Task description: In the material below, find the line with "Garland City Hall" and the line with "The exhibition also", then output those two lines and every line between them, exactly.
--- Supplied data ---
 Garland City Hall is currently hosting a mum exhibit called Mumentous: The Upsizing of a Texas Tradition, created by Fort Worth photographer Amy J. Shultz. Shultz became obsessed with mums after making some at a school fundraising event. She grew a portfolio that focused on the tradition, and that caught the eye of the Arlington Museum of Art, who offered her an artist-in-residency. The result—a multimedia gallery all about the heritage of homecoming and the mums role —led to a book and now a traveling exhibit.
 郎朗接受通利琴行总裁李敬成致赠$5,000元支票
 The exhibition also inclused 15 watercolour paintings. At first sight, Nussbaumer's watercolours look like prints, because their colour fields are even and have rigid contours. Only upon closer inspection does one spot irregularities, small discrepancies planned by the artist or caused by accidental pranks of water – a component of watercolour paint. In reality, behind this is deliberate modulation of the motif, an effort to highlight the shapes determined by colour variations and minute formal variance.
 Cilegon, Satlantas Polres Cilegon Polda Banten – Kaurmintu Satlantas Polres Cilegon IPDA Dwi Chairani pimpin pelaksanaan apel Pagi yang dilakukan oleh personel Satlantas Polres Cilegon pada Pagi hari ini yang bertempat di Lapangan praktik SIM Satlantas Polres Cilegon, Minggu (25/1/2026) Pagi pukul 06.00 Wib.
---
--- Supplied data ---
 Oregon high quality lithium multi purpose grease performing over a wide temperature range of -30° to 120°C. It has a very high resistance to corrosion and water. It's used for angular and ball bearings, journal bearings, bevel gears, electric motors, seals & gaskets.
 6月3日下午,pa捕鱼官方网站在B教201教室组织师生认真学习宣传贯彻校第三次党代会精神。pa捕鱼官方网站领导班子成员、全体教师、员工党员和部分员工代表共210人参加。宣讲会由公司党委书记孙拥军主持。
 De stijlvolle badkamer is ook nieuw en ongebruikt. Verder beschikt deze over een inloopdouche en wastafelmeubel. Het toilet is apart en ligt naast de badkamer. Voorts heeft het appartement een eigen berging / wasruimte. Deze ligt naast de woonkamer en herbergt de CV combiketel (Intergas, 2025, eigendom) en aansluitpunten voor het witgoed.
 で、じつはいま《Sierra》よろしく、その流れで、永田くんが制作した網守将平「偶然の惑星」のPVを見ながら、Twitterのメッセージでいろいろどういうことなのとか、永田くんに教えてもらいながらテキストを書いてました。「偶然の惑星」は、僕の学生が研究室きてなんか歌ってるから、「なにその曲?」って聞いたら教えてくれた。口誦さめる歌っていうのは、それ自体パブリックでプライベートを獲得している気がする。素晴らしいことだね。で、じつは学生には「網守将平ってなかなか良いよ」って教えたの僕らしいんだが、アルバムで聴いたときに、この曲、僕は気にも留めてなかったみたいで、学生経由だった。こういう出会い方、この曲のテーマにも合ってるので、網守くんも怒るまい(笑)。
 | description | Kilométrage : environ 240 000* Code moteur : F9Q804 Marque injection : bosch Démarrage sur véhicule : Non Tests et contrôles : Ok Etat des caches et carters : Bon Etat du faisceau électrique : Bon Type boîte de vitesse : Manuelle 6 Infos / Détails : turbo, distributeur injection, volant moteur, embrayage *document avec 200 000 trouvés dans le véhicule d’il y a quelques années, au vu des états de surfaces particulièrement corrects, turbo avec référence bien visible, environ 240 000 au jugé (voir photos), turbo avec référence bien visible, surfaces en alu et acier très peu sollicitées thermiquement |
---
Solution for this task:
 Garland City Hall is currently hosting a mum exhibit called Mumentous: The Upsizing of a Texas Tradition, created by Fort Worth photographer Amy J. Shultz. Shultz became obsessed with mums after making some at a school fundraising event. She grew a portfolio that focused on the tradition, and that caught the eye of the Arlington Museum of Art, who offered her an artist-in-residency. The result—a multimedia gallery all about the heritage of homecoming and the mums role —led to a book and now a traveling exhibit.
 郎朗接受通利琴行总裁李敬成致赠$5,000元支票
 The exhibition also inclused 15 watercolour paintings. At first sight, Nussbaumer's watercolours look like prints, because their colour fields are even and have rigid contours. Only upon closer inspection does one spot irregularities, small discrepancies planned by the artist or caused by accidental pranks of water – a component of watercolour paint. In reality, behind this is deliberate modulation of the motif, an effort to highlight the shapes determined by colour variations and minute formal variance.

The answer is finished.